Work instruction =
Exactly reproduce the lines of the listing below from the one containing "مرغ را با زعفران" through the one containing "Texture Delight: The". Skip the images.

Data provided =

-*-*-

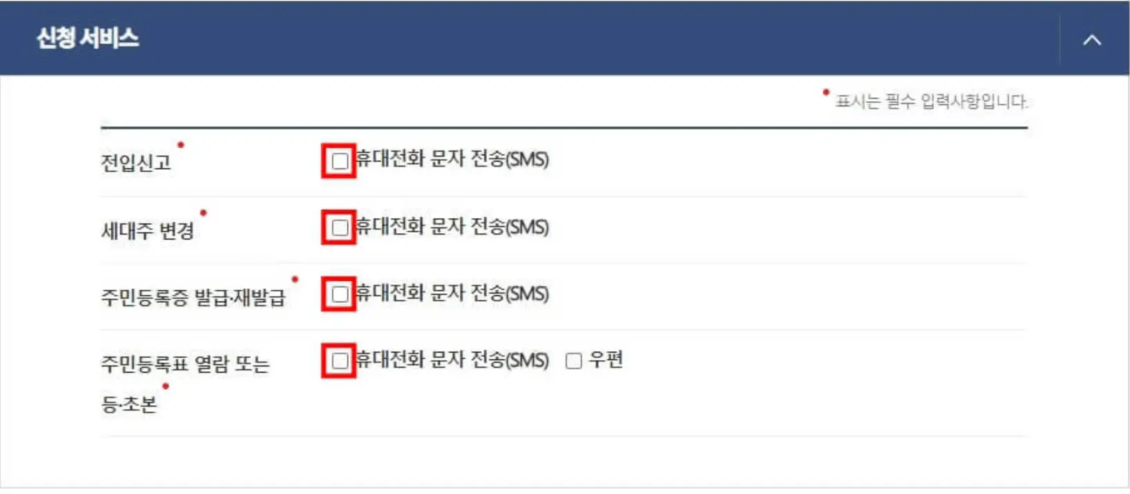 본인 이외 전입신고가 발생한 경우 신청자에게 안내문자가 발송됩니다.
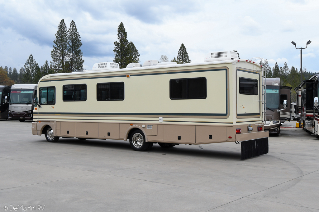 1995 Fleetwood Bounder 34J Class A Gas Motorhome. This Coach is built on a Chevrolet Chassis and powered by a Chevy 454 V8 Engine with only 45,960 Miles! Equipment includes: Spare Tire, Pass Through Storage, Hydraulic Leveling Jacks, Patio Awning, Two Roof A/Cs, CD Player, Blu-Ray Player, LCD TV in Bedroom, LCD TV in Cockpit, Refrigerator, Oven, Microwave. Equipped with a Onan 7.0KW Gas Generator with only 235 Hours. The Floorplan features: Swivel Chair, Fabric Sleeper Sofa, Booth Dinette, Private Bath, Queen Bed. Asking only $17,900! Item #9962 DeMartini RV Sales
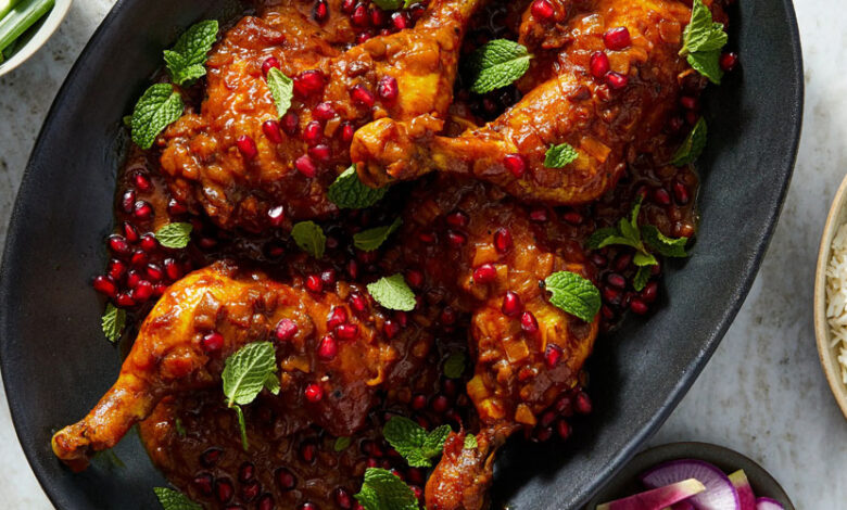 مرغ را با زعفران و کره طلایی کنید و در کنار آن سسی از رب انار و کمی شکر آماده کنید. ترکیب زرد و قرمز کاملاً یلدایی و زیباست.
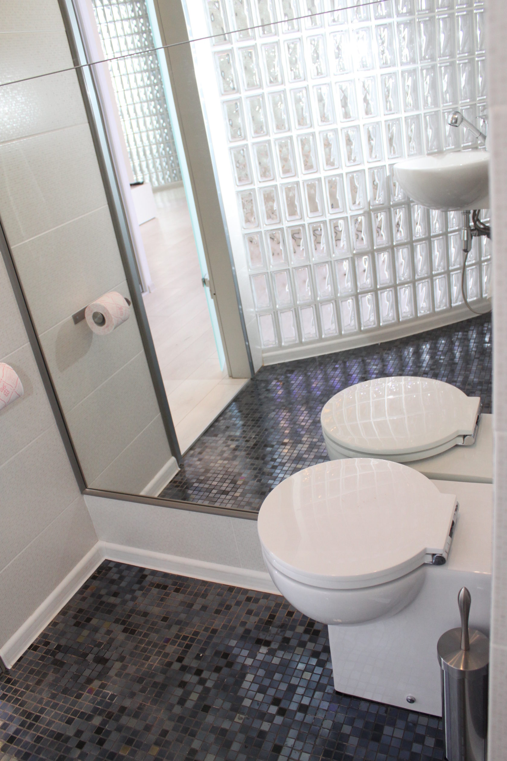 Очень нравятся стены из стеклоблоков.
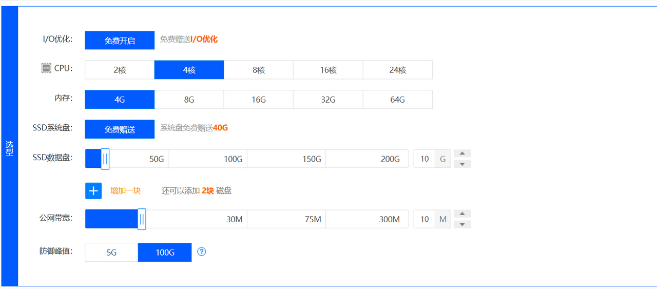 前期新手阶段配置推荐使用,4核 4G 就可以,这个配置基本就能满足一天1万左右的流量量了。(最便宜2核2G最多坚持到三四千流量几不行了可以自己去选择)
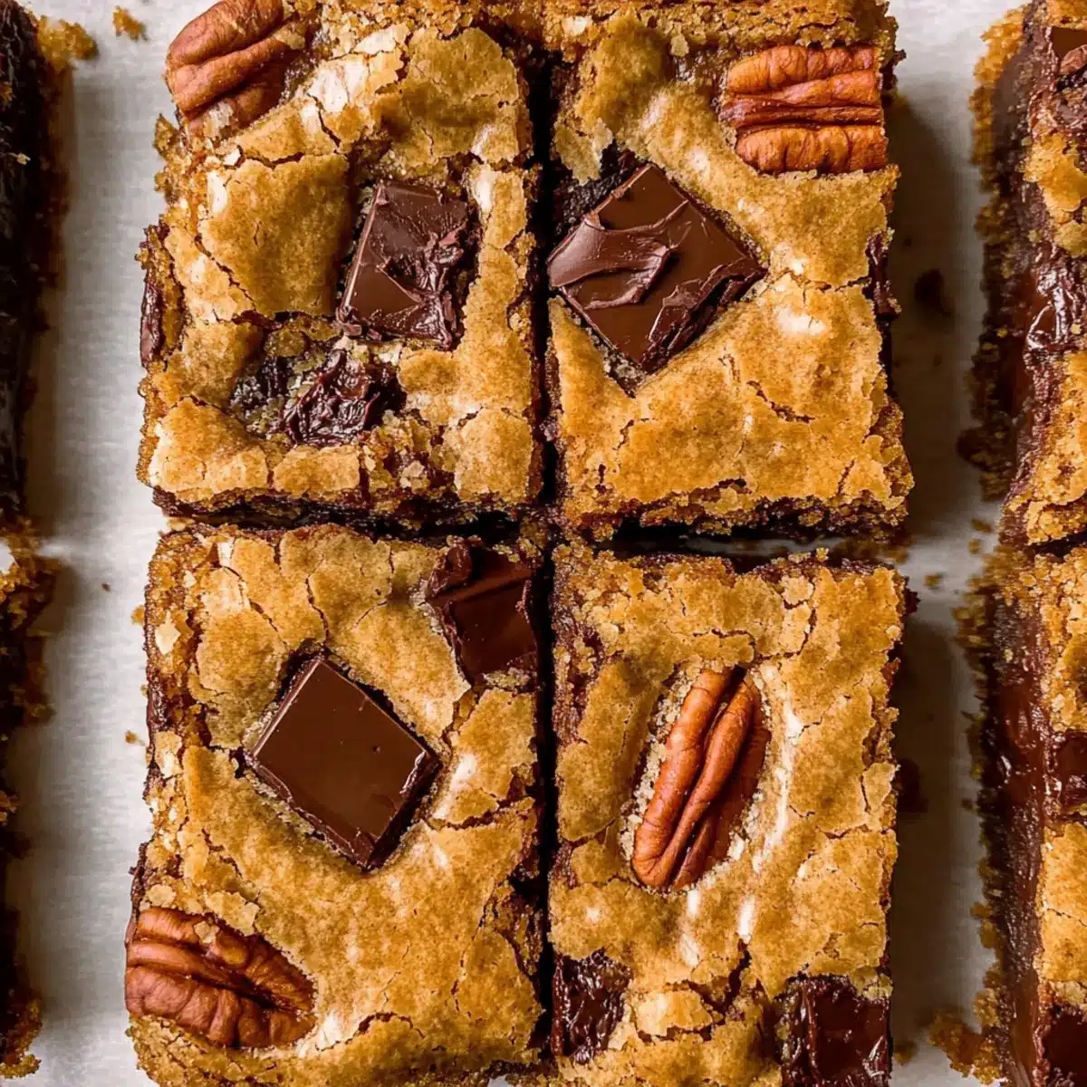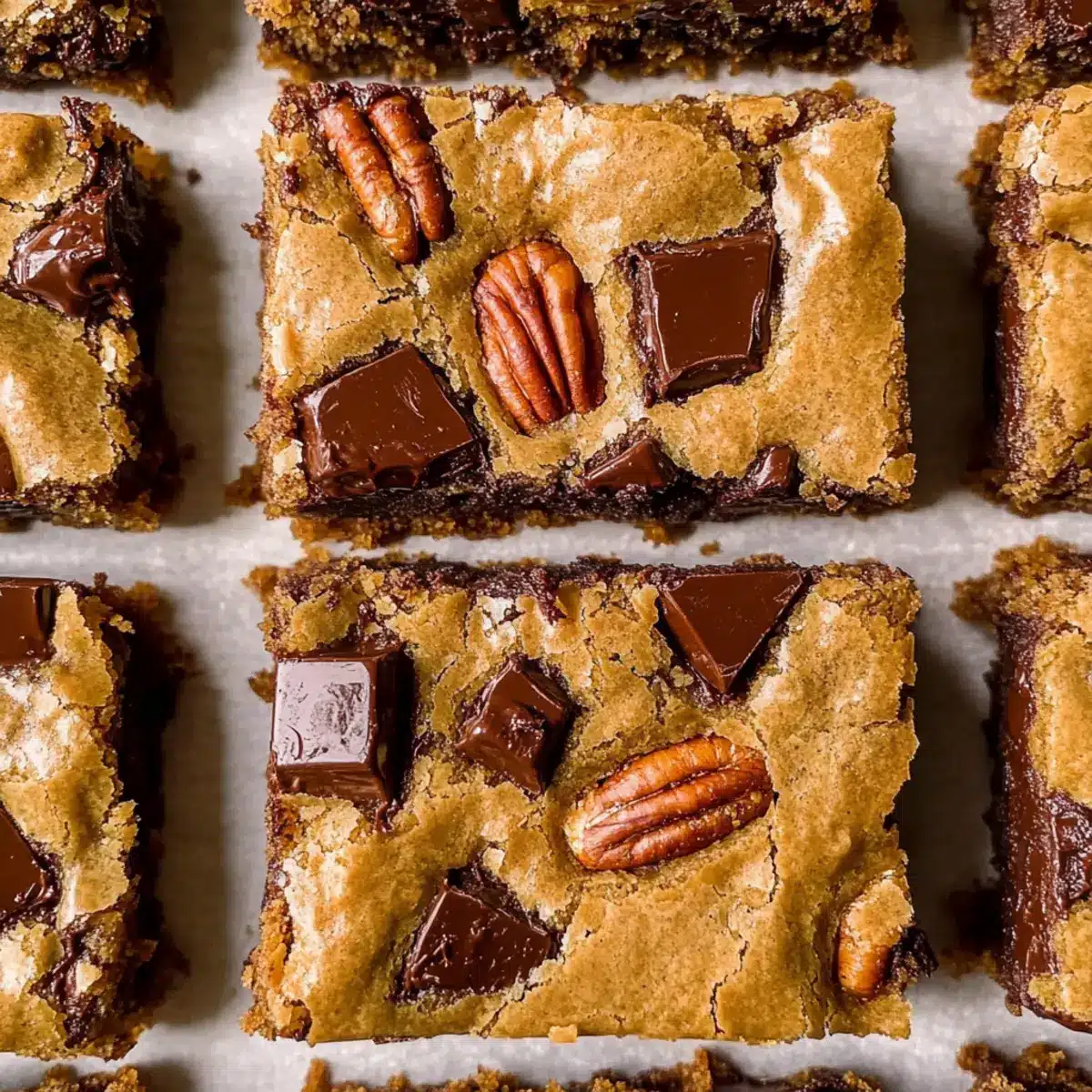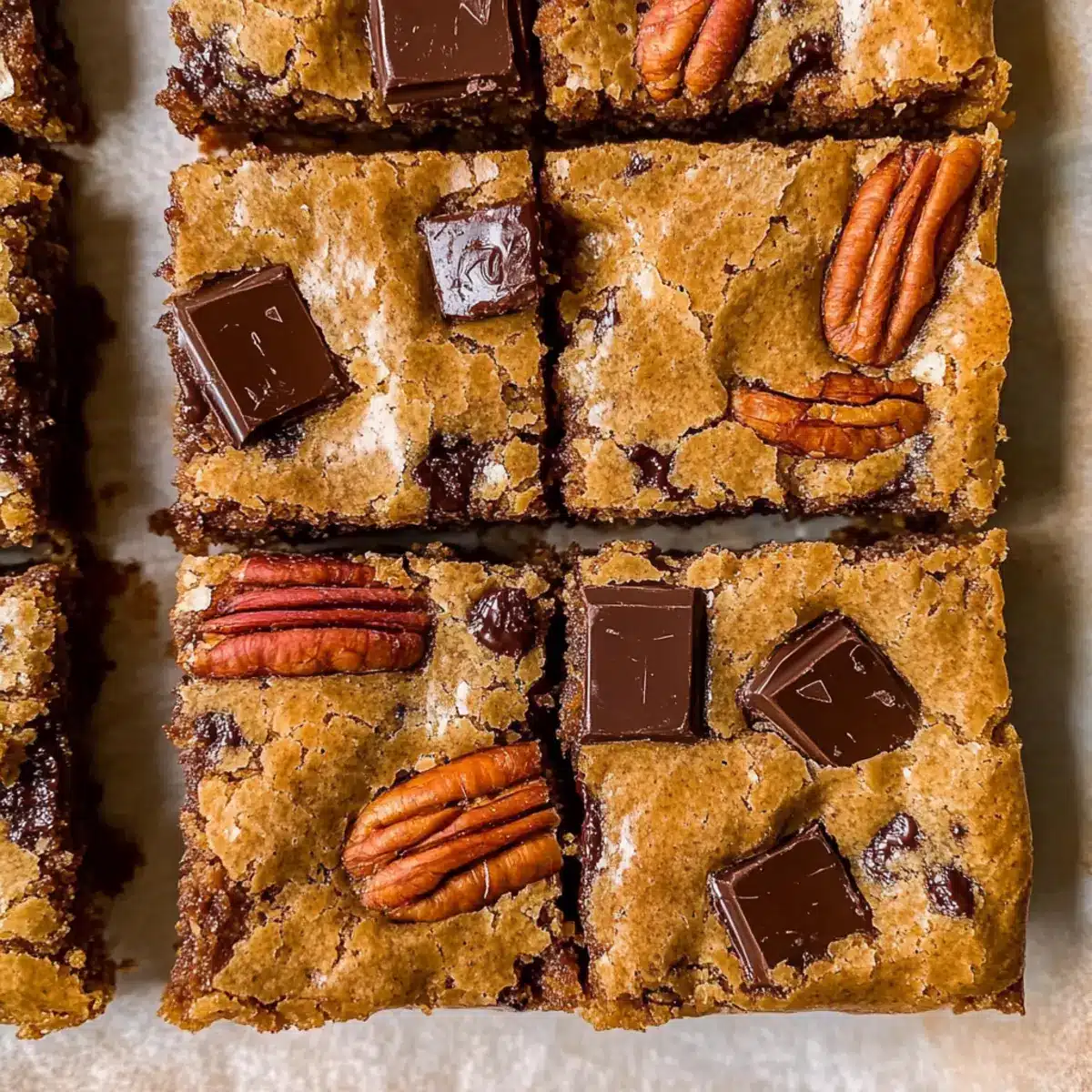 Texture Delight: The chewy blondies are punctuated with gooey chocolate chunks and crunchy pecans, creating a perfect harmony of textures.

-*-*-

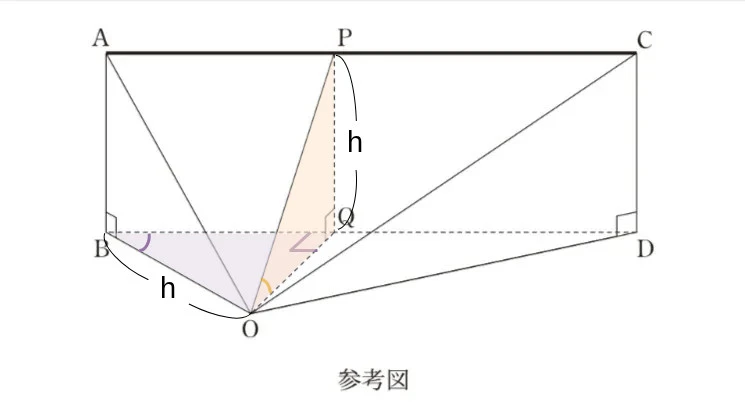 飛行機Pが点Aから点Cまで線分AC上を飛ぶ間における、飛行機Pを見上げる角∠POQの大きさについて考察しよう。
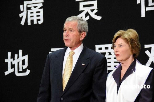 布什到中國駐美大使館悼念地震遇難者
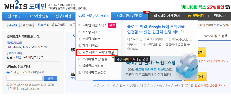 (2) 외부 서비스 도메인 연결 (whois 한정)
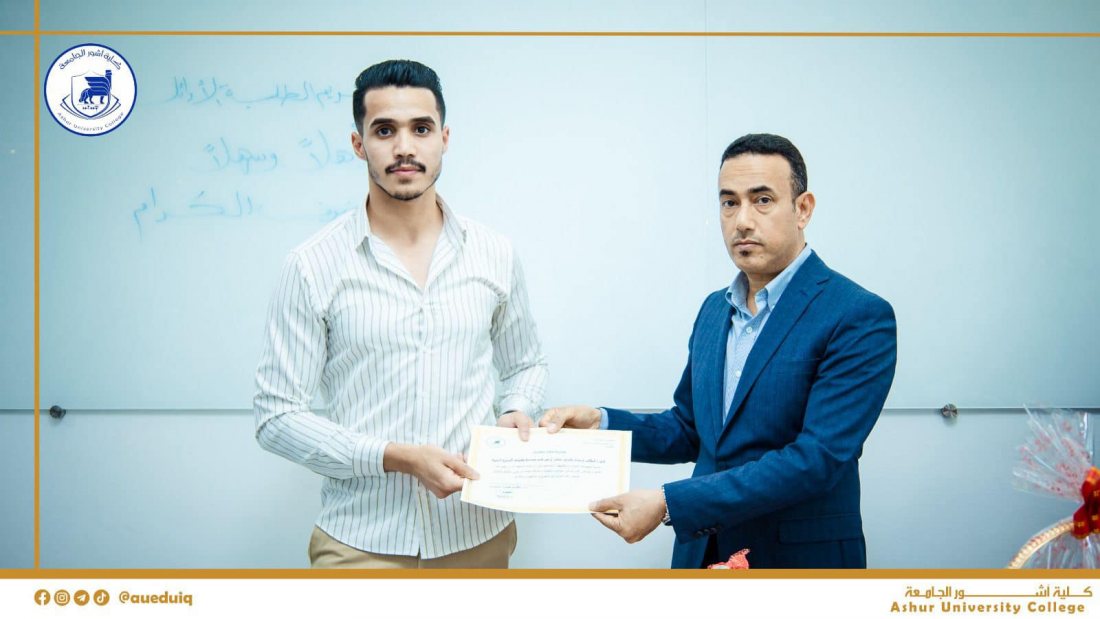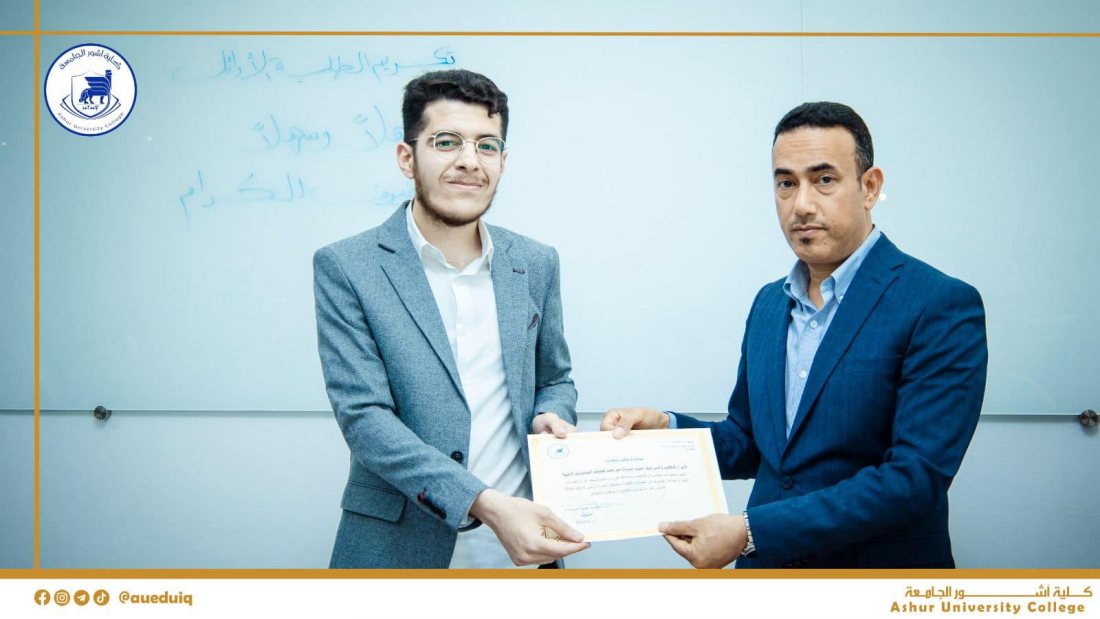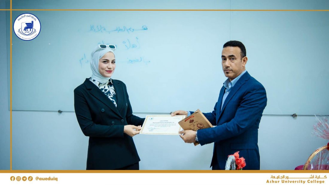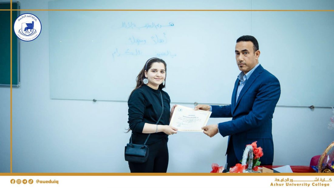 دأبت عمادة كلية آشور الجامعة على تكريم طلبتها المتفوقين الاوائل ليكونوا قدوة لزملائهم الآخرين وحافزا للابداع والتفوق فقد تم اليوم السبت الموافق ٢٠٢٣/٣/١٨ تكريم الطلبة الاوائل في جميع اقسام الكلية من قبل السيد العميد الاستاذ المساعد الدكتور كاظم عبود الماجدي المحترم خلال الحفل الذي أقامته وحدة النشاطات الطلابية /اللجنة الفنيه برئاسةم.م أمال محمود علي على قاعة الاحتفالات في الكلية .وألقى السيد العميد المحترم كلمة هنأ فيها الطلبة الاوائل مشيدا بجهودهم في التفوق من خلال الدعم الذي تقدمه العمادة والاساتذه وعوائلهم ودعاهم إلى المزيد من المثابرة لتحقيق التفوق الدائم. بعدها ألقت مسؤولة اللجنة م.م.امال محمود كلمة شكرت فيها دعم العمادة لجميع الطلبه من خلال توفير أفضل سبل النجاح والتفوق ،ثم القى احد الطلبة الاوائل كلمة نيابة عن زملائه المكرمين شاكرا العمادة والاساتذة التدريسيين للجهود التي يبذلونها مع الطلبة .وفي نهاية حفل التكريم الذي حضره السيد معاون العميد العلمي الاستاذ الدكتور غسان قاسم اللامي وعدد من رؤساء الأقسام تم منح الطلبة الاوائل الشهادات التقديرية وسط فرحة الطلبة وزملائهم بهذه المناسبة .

-*-*-

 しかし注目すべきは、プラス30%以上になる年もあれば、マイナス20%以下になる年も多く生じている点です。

-*-*-

Task response =
 مرغ را با زعفران و کره طلایی کنید و در کنار آن سسی از رب انار و کمی شکر آماده کنید. ترکیب زرد و قرمز کاملاً یلدایی و زیباست.
 Очень нравятся стены из стеклоблоков.
 前期新手阶段配置推荐使用,4核 4G 就可以,这个配置基本就能满足一天1万左右的流量量了。(最便宜2核2G最多坚持到三四千流量几不行了可以自己去选择)
 Texture Delight: The chewy blondies are punctuated with gooey chocolate chunks and crunchy pecans, creating a perfect harmony of textures.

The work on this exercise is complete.